Going through the material below, output exactly the lines from the one containing "Träpusslet består av" through the one containing "ответвления | 80 | мм |", and no pictures.

DATA EXTRACT =
________

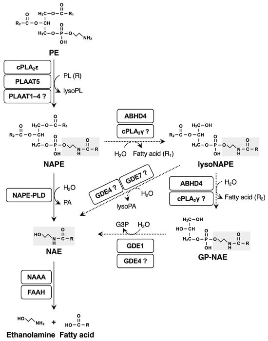 APA StyleUyama, T., Sasaki, S., Okada-Iwabu, M., & Murakami, M. (2025). Recent Progress in N-Acylethanolamine Research: Biological Functions and Metabolism Regulated by Two Distinct N-Acyltransferases: cPLA2ε and PLAAT Enzymes. International Journal of Molecular Sciences, 26(7), 3359. https://doi.org/10.3390/ijms26073359
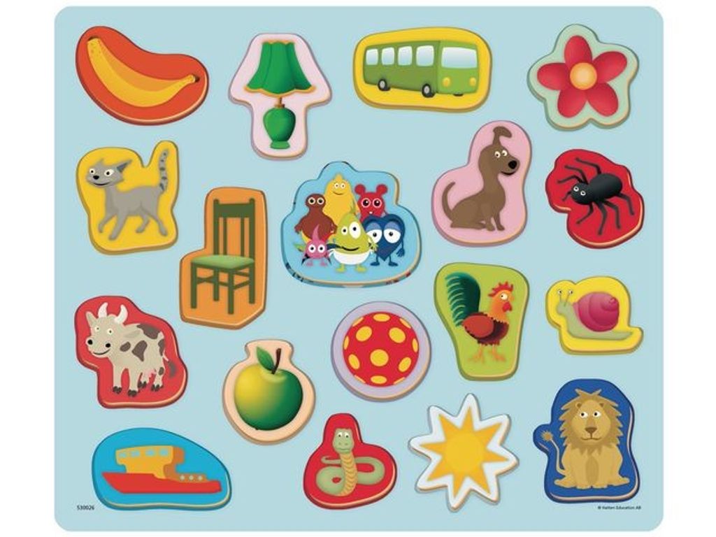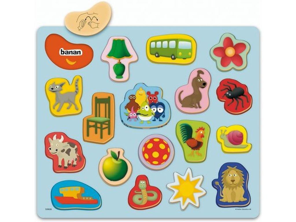 Träpusslet består av 18 stycken upphöjda bitar och föreställer Babblarna. Det här är ett roligt barnpussel för de minsta! På bitarnas framsida finns en bild målad, på bitarnas baksida finns en bild som genom gester förklarar bilden och under bitarna står ordet som beskriver vad bilden föreställer. Babblarna är väl genomtänkt språkträning. Den pedagogiska språkträningen riktar sig till barn i tidigt språkutveckling.
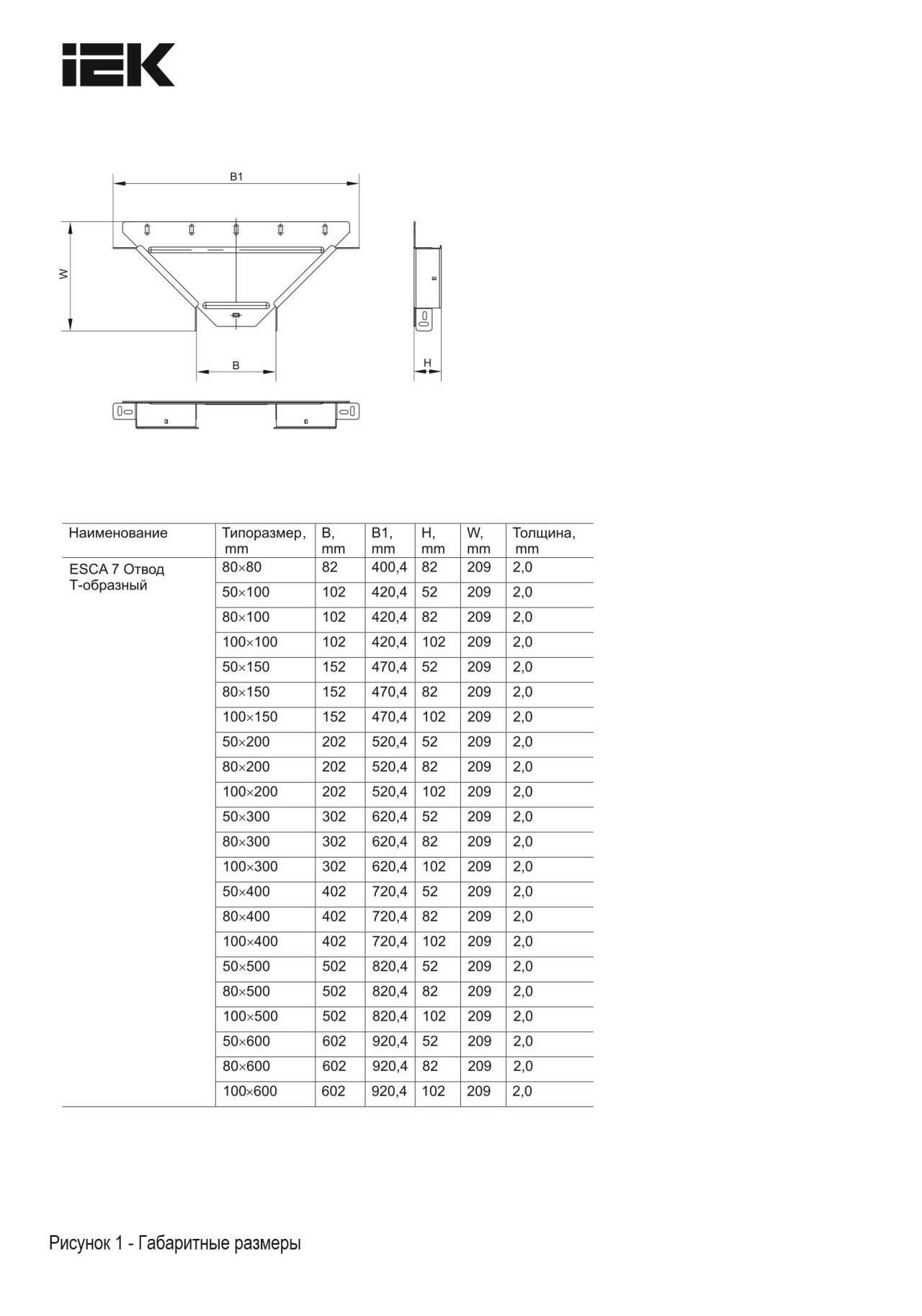 | EF001063 | Ширина ответвления | 80 | мм |
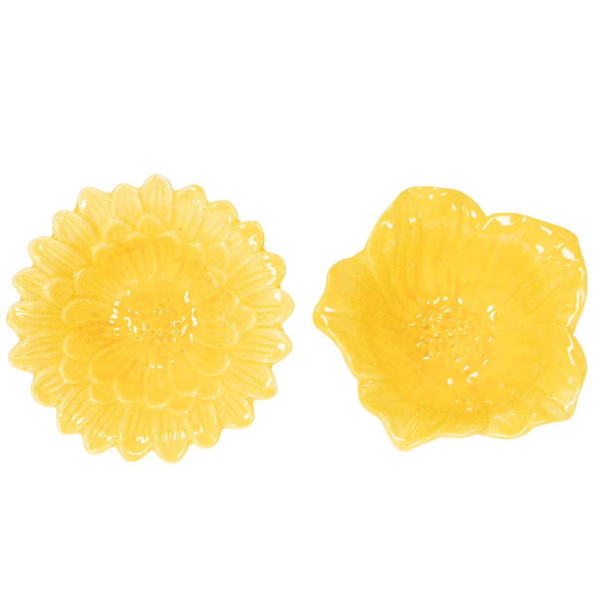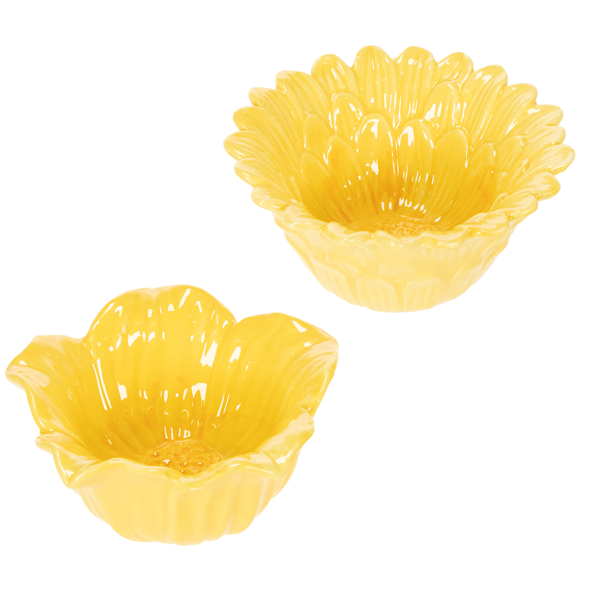 Chi non ama aggiungere un tocco personale alla propria casa con piccoli dettagli? Queste ciotole decorative in ceramica gialla sono l'accessorio perfetto per aggiungere un tocco di colore fresco e decorare con stile la tua casa. Con il loro affascinante design floreale in un giallo vibrante e in ceramica di alta qualità, portano un tocco moderno direttamente nella tua casa. Perfette per composizioni floreali creative, una graziosa idea regalo o semplicemente per esporre piccoli oggetti decorativi. Ma attenzione: questi piccoli pezzi accattivanti non sono adatti al contatto con gli alimenti. Immagina le ciotole piene di fiori secchi, usate come portacandele o come accessorio per le tue decorazioni primaverili in soggiorno: cattureranno sicuramente l'attenzione di tutti!

________

SOLVED PROBLEM =
 Träpusslet består av 18 stycken upphöjda bitar och föreställer Babblarna. Det här är ett roligt barnpussel för de minsta! På bitarnas framsida finns en bild målad, på bitarnas baksida finns en bild som genom gester förklarar bilden och under bitarna står ordet som beskriver vad bilden föreställer. Babblarna är väl genomtänkt språkträning. Den pedagogiska språkträningen riktar sig till barn i tidigt språkutveckling.
 | EF001063 | Ширина ответвления | 80 | мм |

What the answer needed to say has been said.